Он усмехнулся невесело.
– Нет, Феликс Александрович. Когда он вам это рассказывал, пьеса уже четверть века как была написана. И лежала она в трех экземплярах, отредактированная, выправленная, вполне готовая к постановке, в ящике его стола. Помните его стол? Огромный, старинный, с множеством ящиков. Так вот слева, в самом низу и лежала эта его комедия с неуклюжим названием «Изпитал».
Он произнес это так веско и так в то же время грустно, что мне ничего иного не оставалось, как немного помолчать. И мы помолчали, и он снова раскрыл мою папку и принялся перелистывать рукописи.
Я чувствовал легкую обиду на Анатолия Ефимовича, что не доверился он мне и не показал этот кусочек своей жизни, а ведь казалось мне, что он меня любит и отличает. Хотя, с другой стороны, кто я ему был такой, чтобы мне доверять? Бесед своих удостаивал в кухне за чаем, где принимал только близких, и на том спасибо…
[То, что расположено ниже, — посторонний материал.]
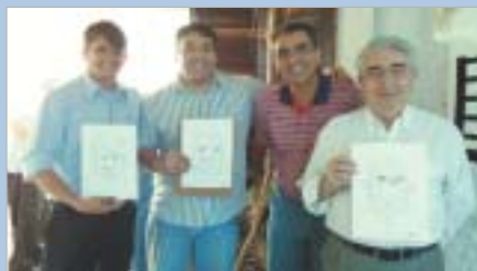
Osasco: almoço comemorativo e caricaturas dos pais.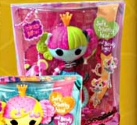
Lalaloopsy Princess #2062

Но одновременно с легкой этой обидою испытывал я удивление. Удивляло меня не то, что Мензура Зоили, оказывается, давно уже изобретена и опробована. Меня удивляло, что я не испытываю по этому поводу удивления. Как-никак, реальное существование такой машины опрокидывало многие мои представления о возможном и невозможном…
Наверное, все дело было в том, что сама личность моего собеседника до такой степени выходила за рамки этих моих представлений, что все остальное казалось мне странным и удивительным лишь постольку, поскольку было от нее производным. Мне ужасно хотелось спросить, а не он ли тот самый молодой изобретатель, который устроил неделю ужасов в Кукушкине, а затем был выведен в пьесе Анатолия Ефимовича. Я уже кашлянул и уже рот было разинул, но он тотчас же поднял на меня свои прозрачные серые глаза, и я тут же понял, что ни за что не решусь задать ему этот вопрос. И брякнул я наугад:
– Так что же это у вас получается? Значит, все вот эти шкафы и есть «Изпитал»? Значит, правильно у нас говорят, что вы здесь измеряете уровень наших талантов?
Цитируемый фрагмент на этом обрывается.